== ASSIGNMENT ==
Leave out all pictures while repeating the records exactly and completely.

(Extracted data entries)

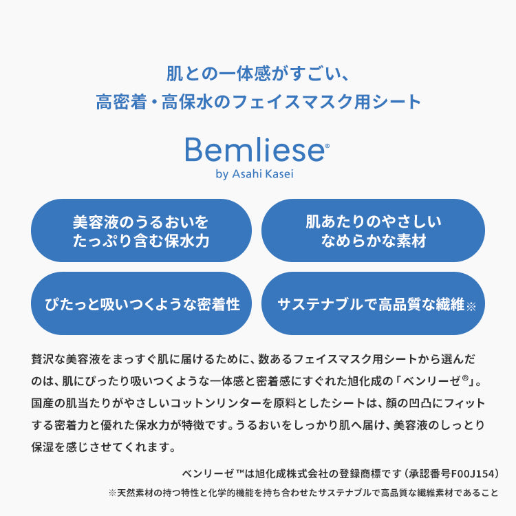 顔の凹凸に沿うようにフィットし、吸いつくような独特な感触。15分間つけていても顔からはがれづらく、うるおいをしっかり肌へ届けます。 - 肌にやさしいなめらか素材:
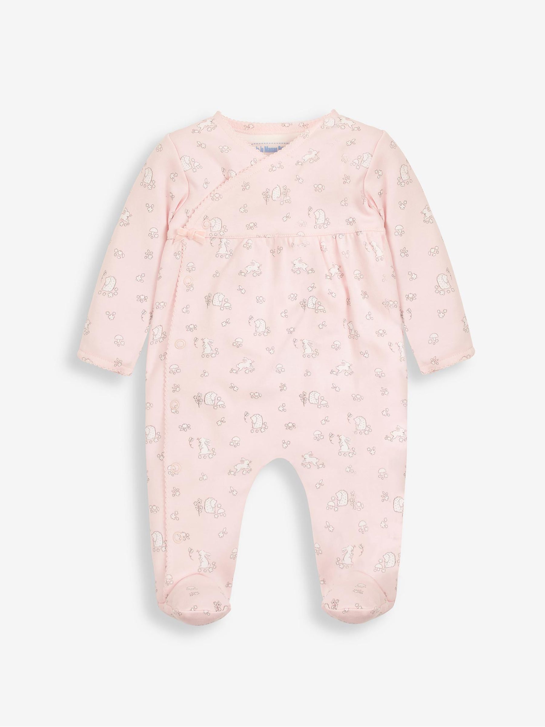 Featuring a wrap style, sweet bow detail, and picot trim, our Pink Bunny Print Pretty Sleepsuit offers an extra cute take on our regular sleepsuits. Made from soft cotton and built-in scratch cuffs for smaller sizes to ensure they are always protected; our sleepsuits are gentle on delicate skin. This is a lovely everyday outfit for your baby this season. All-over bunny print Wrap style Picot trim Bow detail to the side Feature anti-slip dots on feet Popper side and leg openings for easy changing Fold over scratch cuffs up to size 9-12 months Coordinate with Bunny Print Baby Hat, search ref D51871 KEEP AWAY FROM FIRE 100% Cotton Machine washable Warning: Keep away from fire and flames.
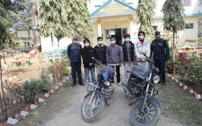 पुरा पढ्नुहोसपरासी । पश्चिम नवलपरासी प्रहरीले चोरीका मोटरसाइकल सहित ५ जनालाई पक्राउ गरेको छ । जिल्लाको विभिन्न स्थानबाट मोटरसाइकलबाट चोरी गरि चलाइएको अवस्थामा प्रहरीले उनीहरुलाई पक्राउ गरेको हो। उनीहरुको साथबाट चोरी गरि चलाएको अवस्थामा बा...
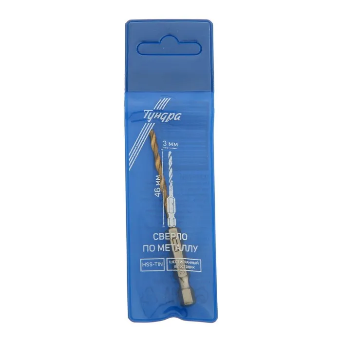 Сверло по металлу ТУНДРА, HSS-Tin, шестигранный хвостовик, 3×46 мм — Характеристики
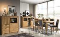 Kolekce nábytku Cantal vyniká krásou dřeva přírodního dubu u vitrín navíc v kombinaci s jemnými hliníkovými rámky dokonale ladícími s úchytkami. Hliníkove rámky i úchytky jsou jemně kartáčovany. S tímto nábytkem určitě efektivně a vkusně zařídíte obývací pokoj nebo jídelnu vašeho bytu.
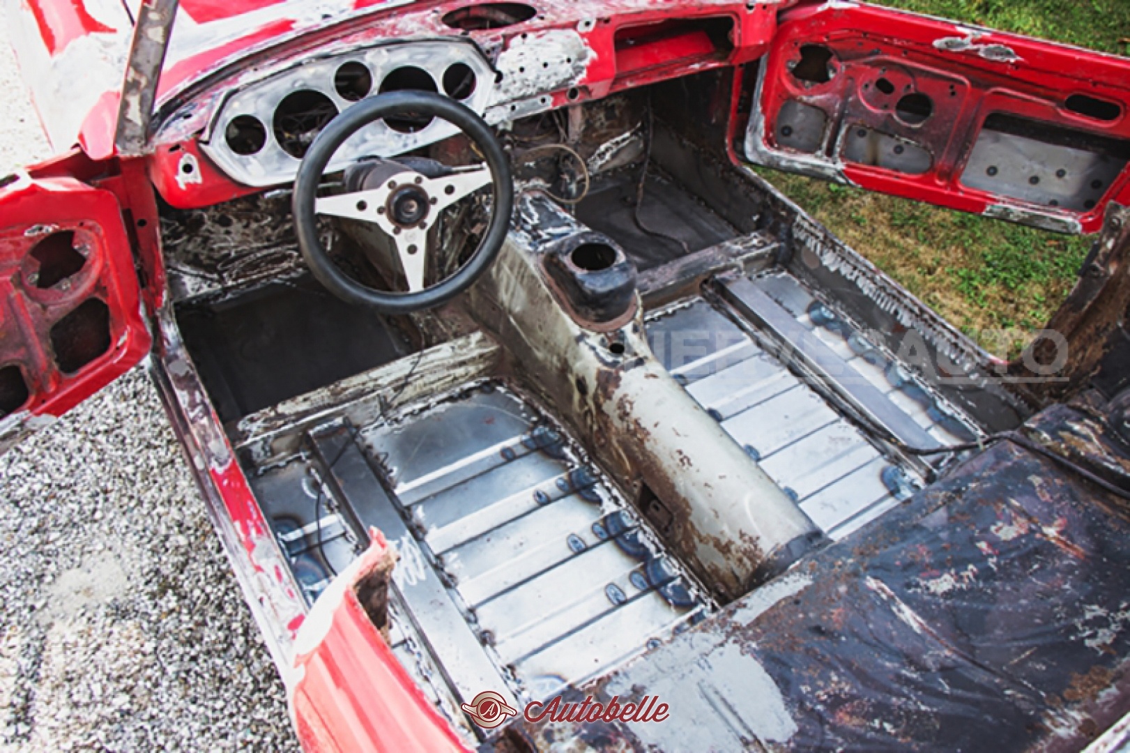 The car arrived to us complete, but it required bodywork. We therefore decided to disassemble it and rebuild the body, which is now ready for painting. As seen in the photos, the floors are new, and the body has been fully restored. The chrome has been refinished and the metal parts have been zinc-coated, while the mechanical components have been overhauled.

== SOLUTION TO THIS EXERCISE ==
 顔の凹凸に沿うようにフィットし、吸いつくような独特な感触。15分間つけていても顔からはがれづらく、うるおいをしっかり肌へ届けます。 - 肌にやさしいなめらか素材:
 Featuring a wrap style, sweet bow detail, and picot trim, our Pink Bunny Print Pretty Sleepsuit offers an extra cute take on our regular sleepsuits. Made from soft cotton and built-in scratch cuffs for smaller sizes to ensure they are always protected; our sleepsuits are gentle on delicate skin. This is a lovely everyday outfit for your baby this season. All-over bunny print Wrap style Picot trim Bow detail to the side Feature anti-slip dots on feet Popper side and leg openings for easy changing Fold over scratch cuffs up to size 9-12 months Coordinate with Bunny Print Baby Hat, search ref D51871 KEEP AWAY FROM FIRE 100% Cotton Machine washable Warning: Keep away from fire and flames.
 पुरा पढ्नुहोसपरासी । पश्चिम नवलपरासी प्रहरीले चोरीका मोटरसाइकल सहित ५ जनालाई पक्राउ गरेको छ । जिल्लाको विभिन्न स्थानबाट मोटरसाइकलबाट चोरी गरि चलाइएको अवस्थामा प्रहरीले उनीहरुलाई पक्राउ गरेको हो। उनीहरुको साथबाट चोरी गरि चलाएको अवस्थामा बा...
 Сверло по металлу ТУНДРА, HSS-Tin, шестигранный хвостовик, 3×46 мм — Характеристики
 Kolekce nábytku Cantal vyniká krásou dřeva přírodního dubu u vitrín navíc v kombinaci s jemnými hliníkovými rámky dokonale ladícími s úchytkami. Hliníkove rámky i úchytky jsou jemně kartáčovany. S tímto nábytkem určitě efektivně a vkusně zařídíte obývací pokoj nebo jídelnu vašeho bytu.
 The car arrived to us complete, but it required bodywork. We therefore decided to disassemble it and rebuild the body, which is now ready for painting. As seen in the photos, the floors are new, and the body has been fully restored. The chrome has been refinished and the metal parts have been zinc-coated, while the mechanical components have been overhauled.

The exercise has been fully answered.